The Problem: When OMF Data Submission and PI System Management Break
A PI System user was stress-testing their OMF endpoint by backfilling a PI point with a year's worth of second-interval data—an operation generating over 31 million data points. After successfully importing the data, the user attempted to analyze this trend via PI System Explorer by running queries over various time ranges. Suddenly, the system became unresponsive; after forcefully terminating the hung process, things went from bad to worse:
- Dynamic Type Deletion and Data Ingestion via OMF Endpoint Stopped Working:
- Deleting OMF containers/types failed with cryptic error codes (e.g., 4003, -3012).
- Submitting new OMF data resulted in errors (e.g., error code 6001).
- Manual Deletion via PI System Explorer Didn't Help: Deleting problematic points directly did not resolve type deletion issues.
- Rebooting the PI Application Server Had No Effect: The underlying problem persisted.

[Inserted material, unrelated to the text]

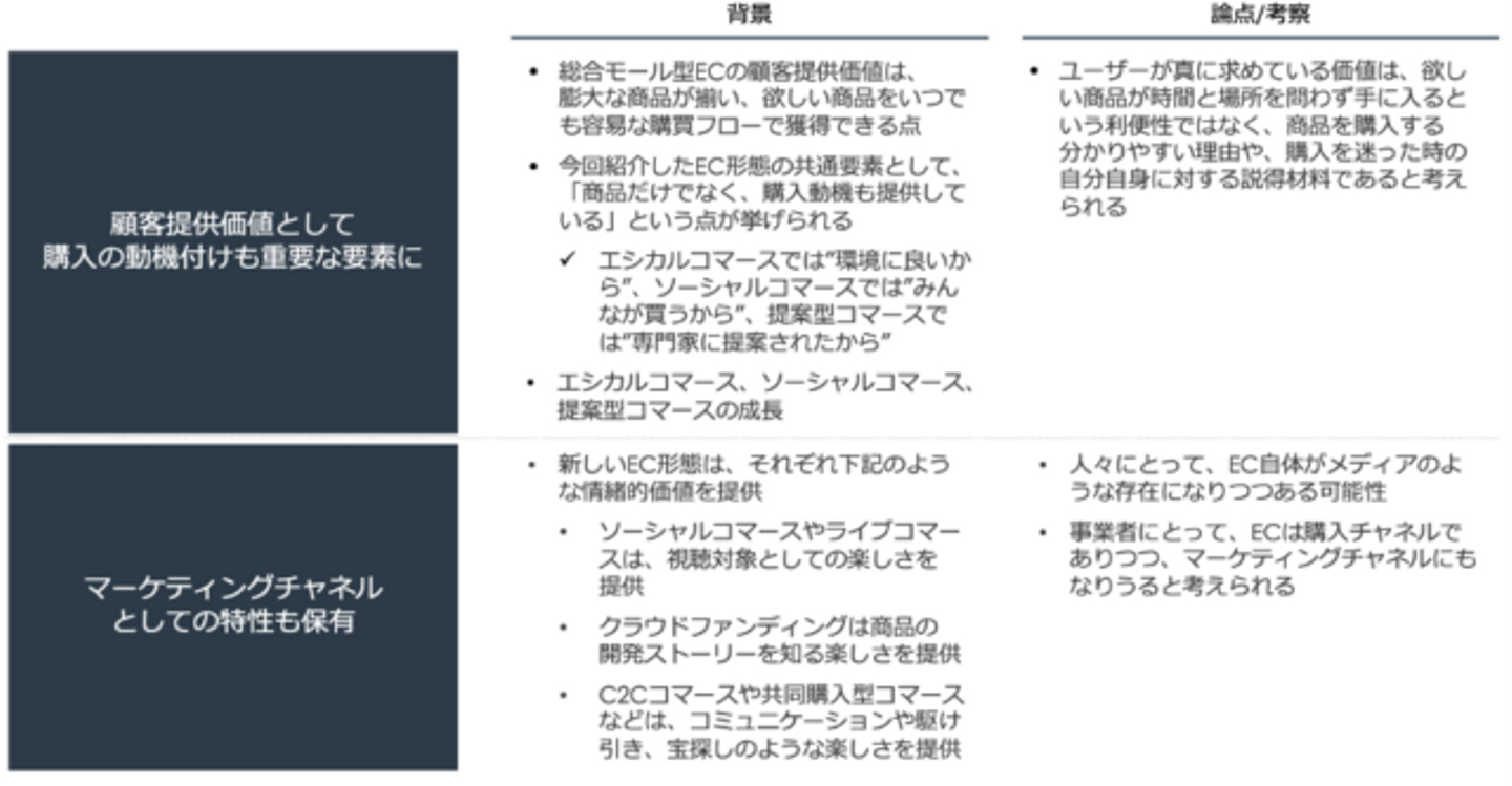 総合モール型ECの顧客提供価値は、膨大な商品が揃い、欲しい商品を時間と場所を問わず容易な購買フローで獲得できるという利便性にあります。一方、今回ご紹介した様々なECに共通する1つの要素は「商品だけでなく、購入動機も提供している」という点です。エシカルコマースでは”環境に良いから”、ソーシャルコマースでは”みんなが買うから”、提案型コマースでは”専門家に提案されたから”といった理由が購入の大きな動機付けとなっています。

Diagnosis: Hidden Point Database Corruption
Upon eventually rebooting the main PI System server, the following fatal error appeared:
Fatal error in PI subsystem piarchss: Archive Point Count: 953, Point Database count: 952, status: [-11162] Archive and Base Point Count Mismatch - Contact Technical Support
The mismatch in point counts between the archive and point database prevented the system from booting—clearly indicating deeper corruption or inconsistency.
Why Can This Happen?
Backfilling large volumes of high-frequency data, especially while simultaneously querying and managing PI Points (e.g., renaming, trend analyses, or mass deletions via OMF/Explorer), can temporarily overwhelm PI subsystems responsible for metadata management and archival. In rare cases, as experienced here, the point database and archive's internal counters can become desynchronized, leading to unmanageable system states.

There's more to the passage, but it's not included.